Towning’s caution concerning European property is a departure from an aggressive plan of expansion into European real assets announced earlier this year by the fund. In February, Damian Moloney, AustralianSuper’s head of international investments, said the fund would increase its European property allocation as part of a £15.4 billion ($24.3 billion) of new investment into European property, infrastructure, and direct private credit. A further £8 billion would go to these sectors in the UK by 2026.

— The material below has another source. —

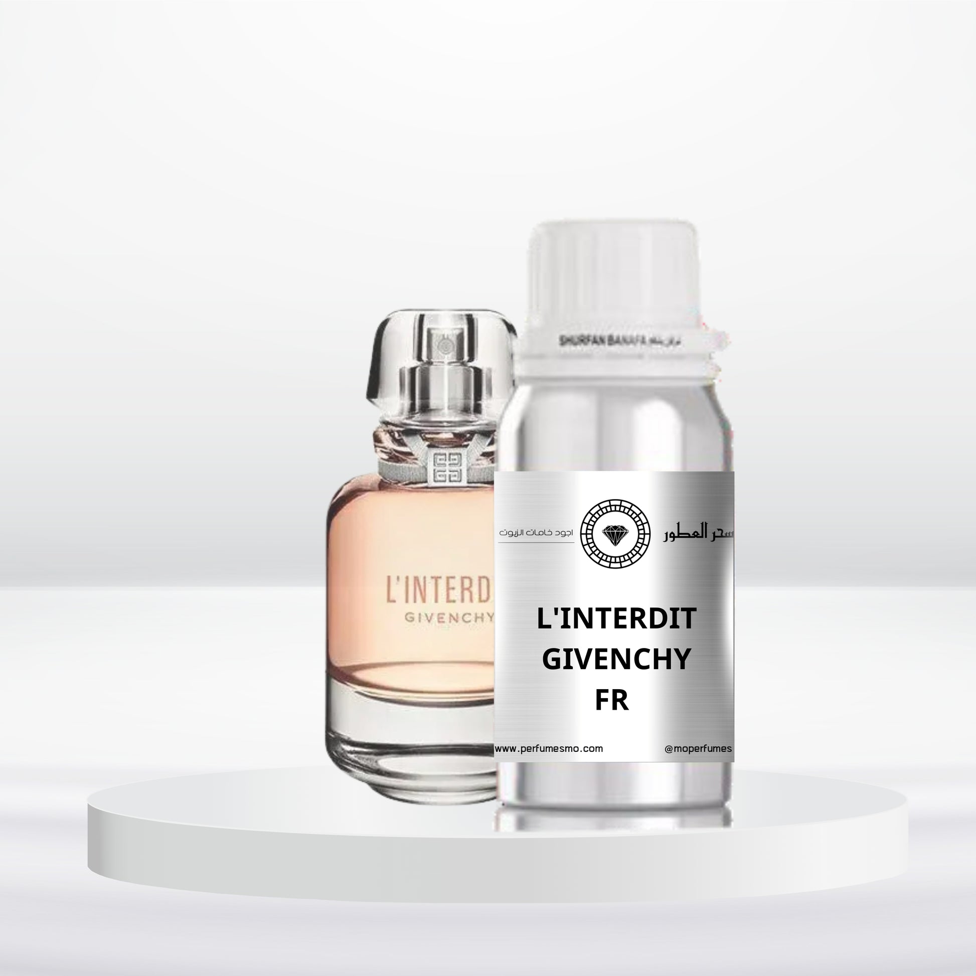 عطر L'Interdit Givenchy يتميز بمزيج أنثوي جريء من زهر البرتقال، الكمثرى، والبرغموت، مع قلب من مسك الروم، الياسمين، والفانيليا، وقاعدة دافئة من الباتشولي، نجيل الهند، والأمبروكسان.

To support the expansion, Moloney said the fund planned to double the headcount in its London office from 50 to 100. In May, Towning told AsianInvestor that AustralianSuper planned to make its first property investment in continental Europe within months and would begin investing in Asia properties within five years.

“[European investments will come] definitely within in a year into multiple assets and sectors, probably with a number of different [investment] partners,” he said at the time, adding that the fund’s initial focus would be on leading Western European cities including Paris, Frankfurt, Berlin, Madrid, although the fund would consider looking further to Europe’s east, too.   

ALSO READ: AustralianSuper to invest in Asian property

Towning said AustralianSuper’s current caution reflected the immediate investment outlook rather than any pressure the fund felt to rebalance its asset mix.

NO SELLING PRESSURE

“We have the benefit of being in a growing fund with strong net cashflows,” said Towning. “This tends to mean that allocation changes that arise from changing valuations in other assets classes don't necessarily create pressure to sell.”

In many cases, smaller Australian super funds as well as other pension and institutional funds across Asia are facing pressure to sell property and other real assets in order to rebalance portfolios, following steep declines in the value of equity and fixed income assets in 2022.

“If equity or bonds are down is down 20 per cent and real assets are flat or up, they will be well above their strategic allocation,” said Hobbs of bfinance.

“The bigger and longer-term investors can withstand that, but among those [whose asset mix] is more highly regulated or have nearer term liabilities, some investors are having to redeem because they are over-allocated,” he added.